2 Ways You Can Make Money as a Shareholder

You should be fully informed about what a shareholder is after yesterday’s 101.

I hope you’re feeling more confident!

It’s great to know and understand what a shareholder is, but how does knowing all of that actually put cash in your pocket?

Well, today I’ll tell you how…

How Do You Make Money as a Shareholder?

There are two basic ways to make money as a shareholder.

One involves a long-term approach (dividends) and the other can involve both long- and short-term strategies (capital appreciation).

Before I go on, I want to make clear that you don’t always make money as a shareholder. You can lose your entire investment and, depending on the type of position, even lose money.

Just a few days ago, for instance, I bought several shares of stock at a decent price. I saw the bounce coming, and I intended to wait it out.

The stock price dipped, and I had a choice to make. I could sell at a loss or wait and see if it would bounce back up.

Based on my experience and my forecast, I decided to take Door Number Three instead. I bought more of the stock because I believed it would pay off. And it did. I would up making more money than I intended in the first place.

But that doesn’t always happen. An investment isn’t a loan, so you’re not guaranteed repayment — and certainly not with interest.

Can you make money? Absolutely. I’m living proof. But you need a strategy.

Dividends

Dividends are monies paid to shareholders based on a company’s earnings. Dividends can arrive monthly, quarterly, or annually, and usually come in the form of cash.

When you get dividends in the form of additional stock, they’re called stock splits. Cash dividends, however, are far more common.

The general idea is that a company divides its earnings equally among its shareholders based on how many shares each individual or entity owns. For the sake of a simplistic example, if you owned 20 percent of a company’s shares, you’d receive 20 percent of its dividends.

Major stock exchanges often get a large portion of their returns from dividends. Although capital appreciation still wins the lion’s share, it’s not a good idea to discount dividends as a potential profit source.

A company pays dividends to attract more investors. If you knew that you could profit at regular intervals just for owning shares in a company, you’d find that investment more attractive than if you were just banking on stock price appreciation upon selling your shares.

Capital Appreciation

This is the bread and butter of the stock market. It can happen in a very short time frame — down to the seconds — or it can take place over a long period of time.

Capital appreciation refers to the increase of a stock’s price. Conversely, capital depreciation describes a dipping stock price.

As an investor and shareholder, you want to earn money on your investment. As shares become more expensive, you stand to earn more money, and you can divide your investment capital over as many stocks as you wish.

How to Be a Shareholder

If you want to become a shareholder in a particular company, you’ll need a broker account and an initial capital investment. The amount of “starter” money you need depends entirely on the types of stocks you wish to buy.

For instance, I got my start in penny stocks with just over $12,000 — money saved from my childhood. Others have gotten started with as little as $500.

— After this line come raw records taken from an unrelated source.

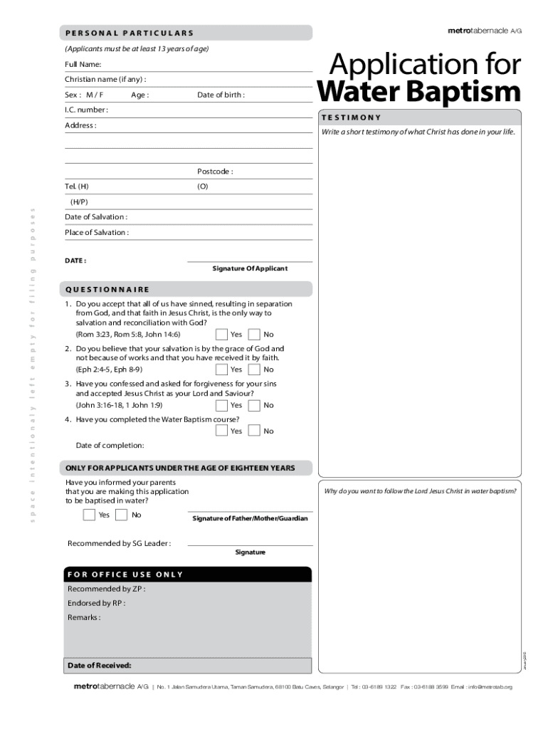 Metro tabernacle A/GP e r s o n an l Pa r t i c u l an r s (Applicants must be at least 13 years of age)Application for Water Baptismal Name: Christian name (if any) : Sex : M / FAGE :Date of birth
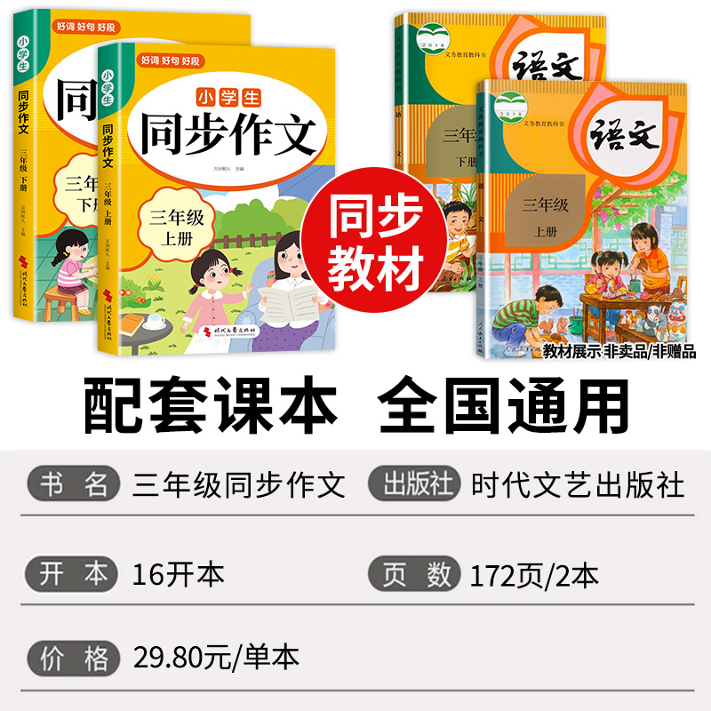 2025三年级上册同步作文配套人教版 3年级下册小学生作文书大全小学语文同步作文三上专项训练优秀作文范文精选每日一练三下新版B
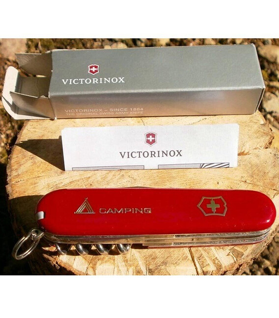 Офіцерський кишеньковий ніж CAMPER 91мм / 3 шари / 13 функцій / червоні накладки з написом "Camping" / з пилкою і штопором Victorinox 1.3613.71 Швейцарія
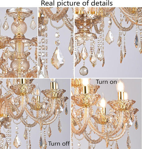 Luxury K9 Crystal Chandelier 12 Lights, Amber Gold Crystal Lighting Pendant Ceiling Fixture Modern Crystal Candle Chandeliers Lamp for Living Room, Kitchen, Foyer (12 Ligths) A110-B0CRHG6FWD

If you want to trade blue chip stocks, you’ll need far more money. Many brokers won’t approve your application unless you have at least $20,000 or $30,000 to put into your account.

Brokers can have other requirements, too.

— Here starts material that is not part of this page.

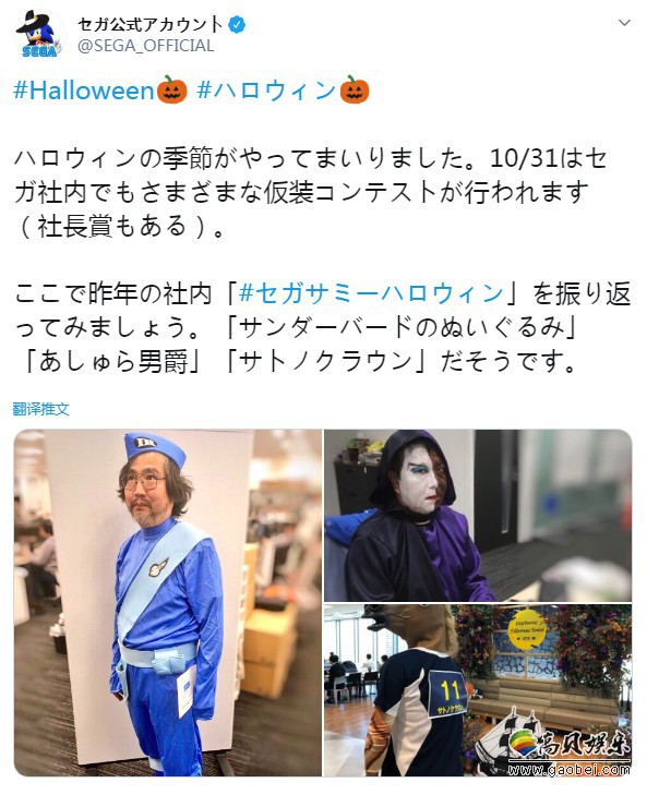 近日,世嘉官方发推,宣布10月31日将在公司内举办万圣扮装比赛,还展示了高管的扮装照片和去年参赛的一些照片。
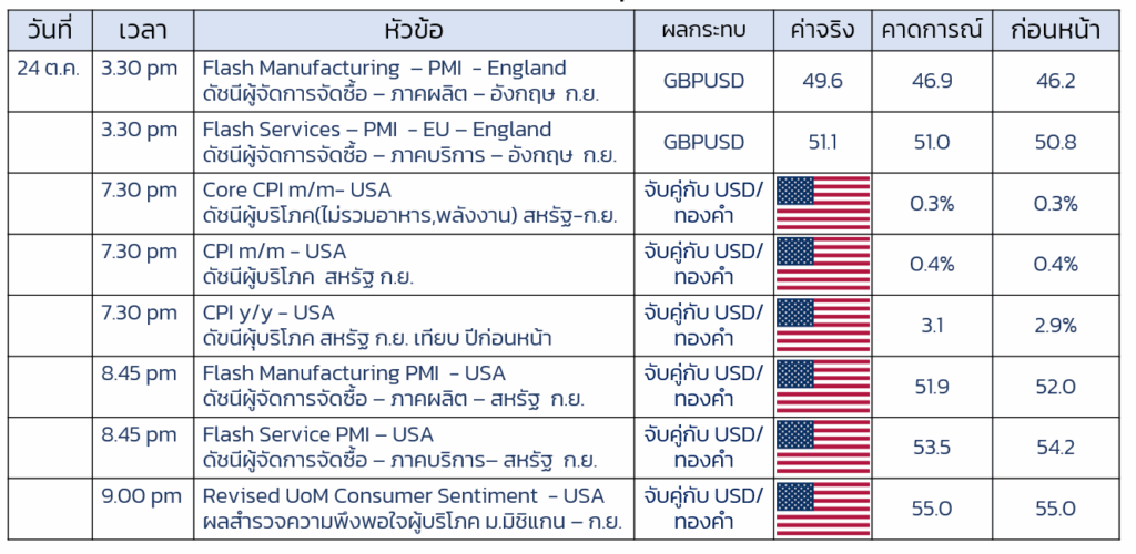 – น้อยกว่า 2.9 % คาดเงินเฟ้อควบคุมได้แต่ยังคงมีปัญหาเรื่องแรงงาน โอกาสที่ Fed จะปรับลดอัตราดอกเบี้ยในวันที่ 28-29 ต.ค. สูง กดดัน USD ปัจจัยบวกต่อ GBP - ติดตามตัวเลข PMI คาดการณ์ว่าออกมาน้อยกว่าเดือนที่ผานมา หากเป็นไปตามคาด จะเป็นปัจจัยกดดันราคา USD ปัจจัยบวกต่อ GBP แต่หากตัวเลขออมากมากกว่าเดือนที่ผานมา จะเป็นปัจจัยบวกต่อ USD และกดดัน GBP

For instance, many won’t approve applications unless the applicant has a minimum net worth or annual salary. This is to maintain the integrity of the brokerage account.

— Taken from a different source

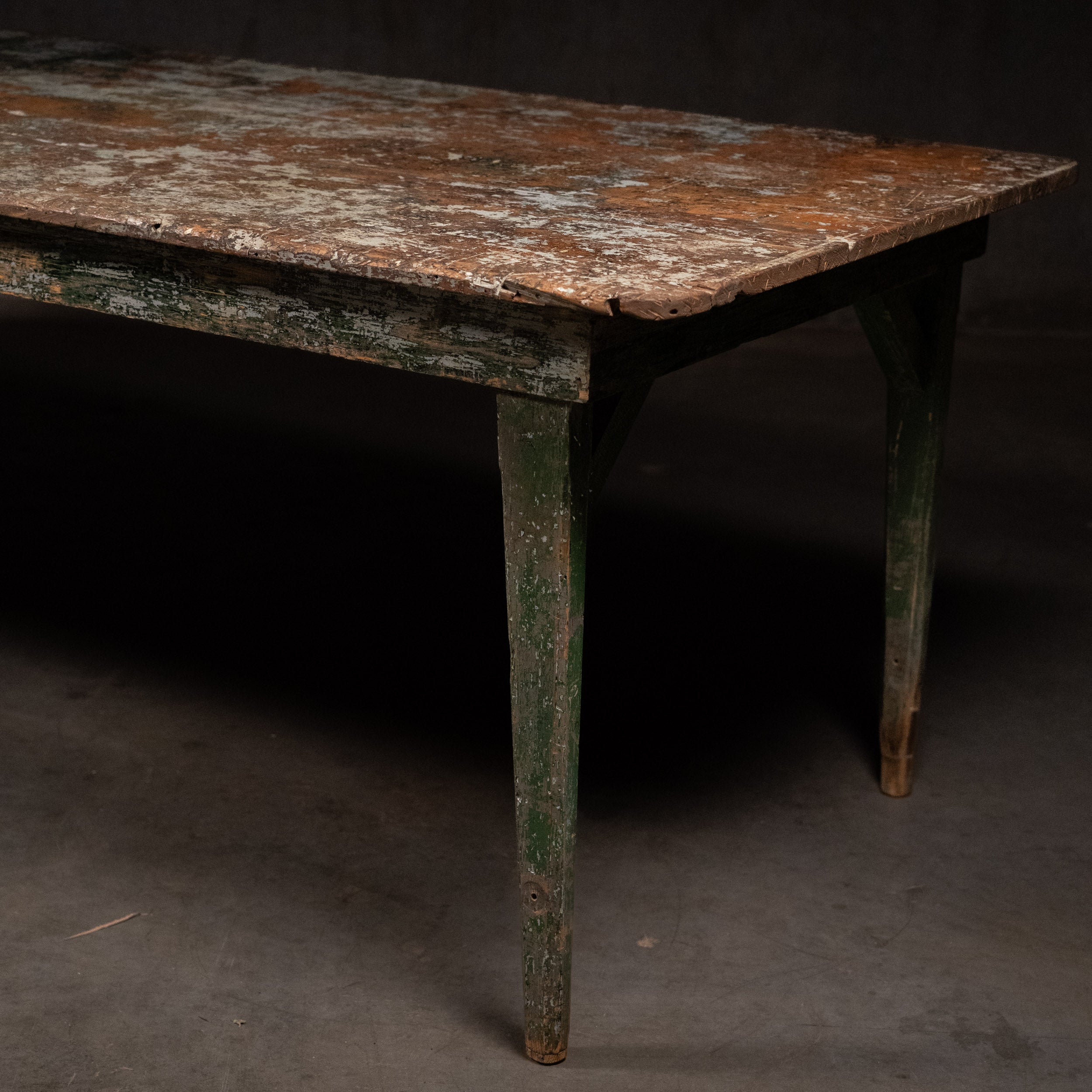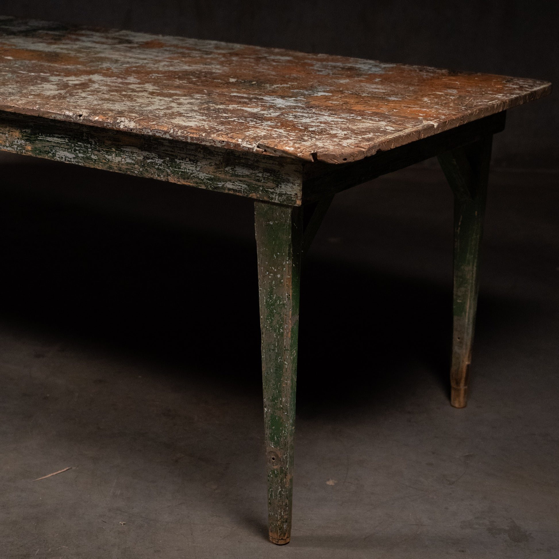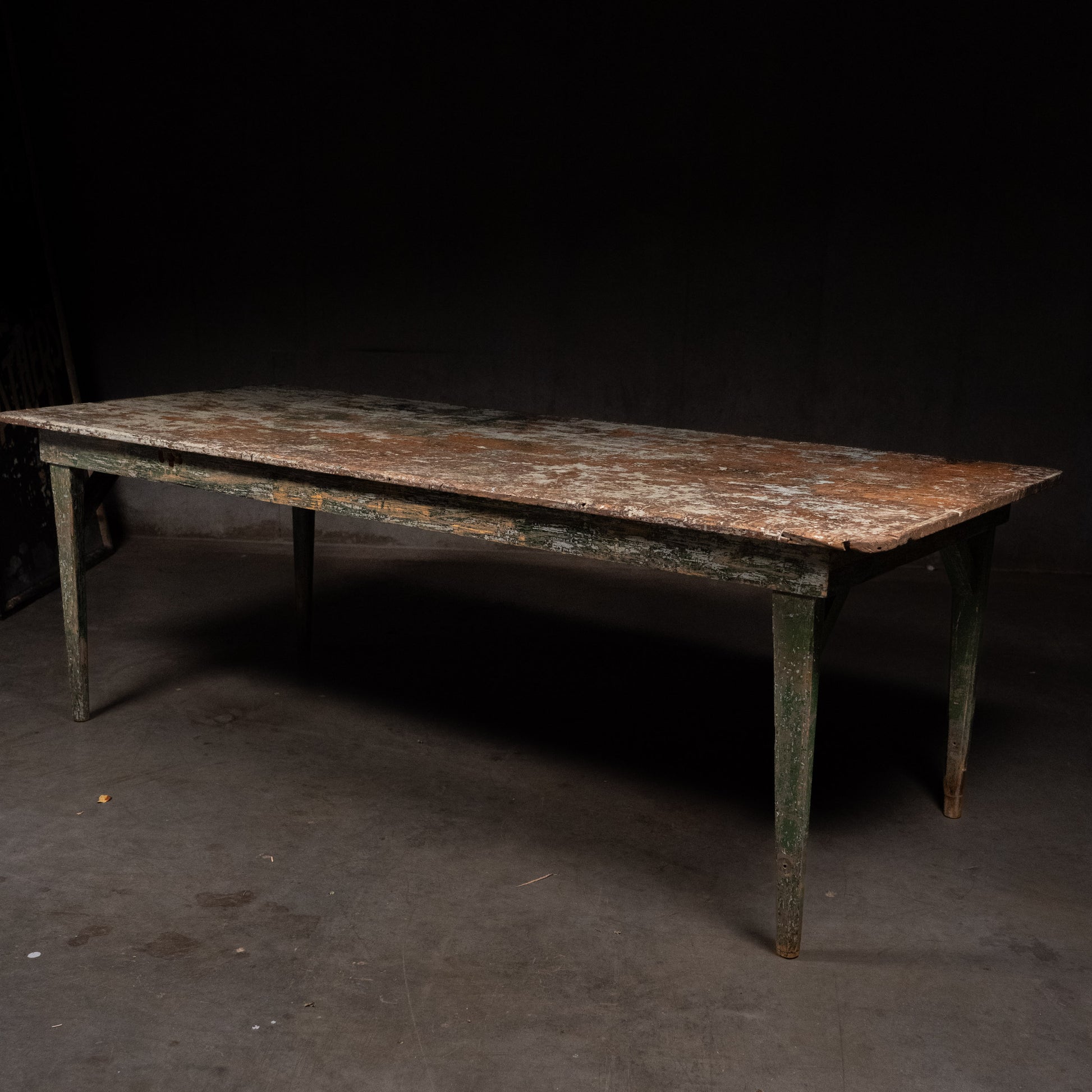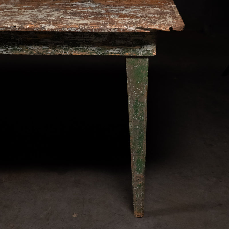 A nice western country example of a large, well made dining table in as found condition. The table retains lots of grey original paint over green. We have left this in its original condition allowing for end user to custom finish as desired.

Brokers might ask you what your trading goals are and what type of trading strategies you intend to use. They use your answers to decide whether or not you’re a good fit for their firm.

You must then place a buy order through your broker. For example, you might want to buy 100 shares of ABC stock at $10 per share. That will cost you $1,000. Your broker will also charge a commission, which you must add to the total amount of money you’ll set aside in your brokerage account.

You can decide whether to buy the shares at market price or to place a limit order, which means that you only want to buy shares of that stock if the price hits a certain point.

Role of Shareholders in a Company

The roles of shareholders depend on the type of shareholder in question.

If you’re simply trading stocks on the stock market, you don’t have a role beyond buying and selling. That’s the easiest — and, in my opinion, most profitable — way to get started with investing.

Shareholders can also be owners, founders, or employees at a company. In this case, they have far greater roles because they’re involved with the business’s operations.

Even vendors can be shareholders. A company might enter into a barter-type agreement in which the vendor supplies his or her products or services for a specific time in exchange for X shares in the company.

Shareholder Agreement

A shareholder agreement creates a contract between the people who own shares in a particular stock and the company behind the stock. It addresses issues like the rights and obligations of both parties.

Standard shareholder agreements also contain information about how a company should be run, such as the process for electing the board of directors and determining salaries for directors.

If you’re investing in the stock market, you don’t need to worry about any of these details.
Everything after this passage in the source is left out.